The model performs reasonably well but could likely benefit from further fine-tuning or the inclusion of additional features to reduce errors at the extremes. Outliers or underrepresented data points at the lower grade spectrum might skew predictions.\
The project aims to predict whether students will pass or fail their final exams and to develop a model that can accurately classify students as pass or fail based on related factors.
# Part 4: Classification Model (Decision Tree)
## 4.1: Load required libraries
library(rpart)
library(rpart.plot)
library(pROC)
## 4.2 Prepare data
df$Outcome<- as.factor(df$Outcome)
## 4.3 Split data into training and testing sets
set.seed(123)
trainIndex <- createDataPartition(df$Outcome, p = 0.5, list = FALSE)
trainData <- df[trainIndex, ]
testData <- df[-trainIndex, ]
## 4.4 Train the Decision Tree model
treeModel <- rpart(Outcome ~ . - G3 - Outcome, data = trainData, method = "class")
rpart.plot(treeModel, type = 3, extra = 102, fallen.leaves = TRUE, main = "Decision Tree")
## 4.5 Make predictions on the test set
predictedClasses <- predict(treeModel, newdata = testData, type = "class")
predictedProbs <- predict(treeModel, newdata = testData, type = "prob")[, "Pass"]
## 4.6 Evaluate the model
confMatrix <- confusionMatrix(predictedClasses, testData$Outcome)
cat("Accuracy:", confMatrix$overall["Accuracy"], " Precision:", confMatrix$byClass["Precision"], " Recall:", confMatrix$byClass["Recall"], " F1 Score:", confMatrix$byClass["F1"], "\n")
## Accuracy: 0.7106599 Precision: 0.5909091 Recall: 0.4 F1 Score: 0.4770642
## 4.7 Visualize the Confusion Matrix
confusionMatrixTable <- as.table(confMatrix$table)
fourfoldplot(confusionMatrixTable, color = c("red", "green"), main = "Confusion Matrix")
## 4.8 Visualize the ROC Curve
curve <- roc(testData$Outcome, predictedProbs, levels = rev(levels(testData$Outcome)))
plot(curve, col = "darkgreen", lwd = 2, main = "ROC Curve for Decision Tree")

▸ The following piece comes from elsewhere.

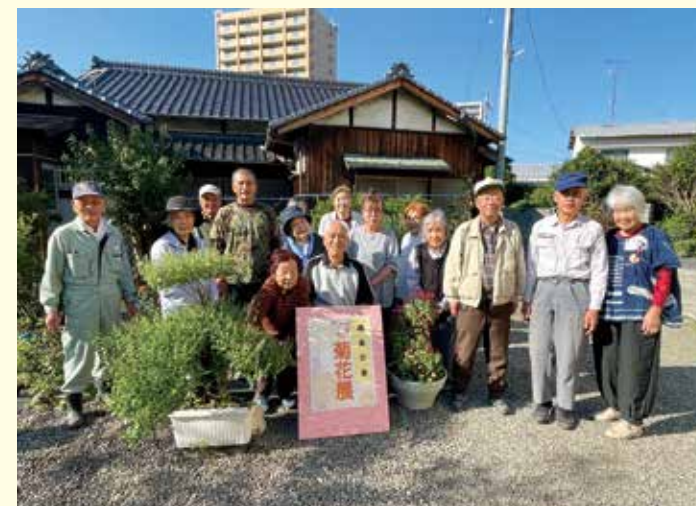
写真は昨年の様子です

abline(a = 0, b = 1, col = "red", lty = 2)
auc <- auc(curve)
cat("AUC:", auc, "\n")
## AUC: 0.6417832
The model has an accuracy of 71.07%, which indicates that it correctly predicted the outcome for about 71% of the students’ Pass or Fail cases. This is may be due to the class imbalance of the dataset in which it has more ‘Pass’ students than ‘Fail’ students. Based on the Confusion Matrix Analysis, 114 students and 26 students were correctly predicted to pass and to fail, respectively.
Using a collection of student records, this project effectively investigated the variables affecting students’ academic achievement. Patterns and trends were established through exploratory analysis and data pre-processing, which served as the basis for developing predictive models. The results of the study showed that factors including study time, failure rate, and absenteeism have a big impact on students’ grades and chances of passing or failing. The investigation showed how dataset features, including class imbalance, affect model performance, even when the regression and classification models produced plausible predictions.
All things considered, this research shows how data-driven methods may be used to comprehend and enhance educational outcomes. Future analyses can offer even more accurate insights and promote evidence-based decision-making in education by improving the methodologies and addressing the limitations.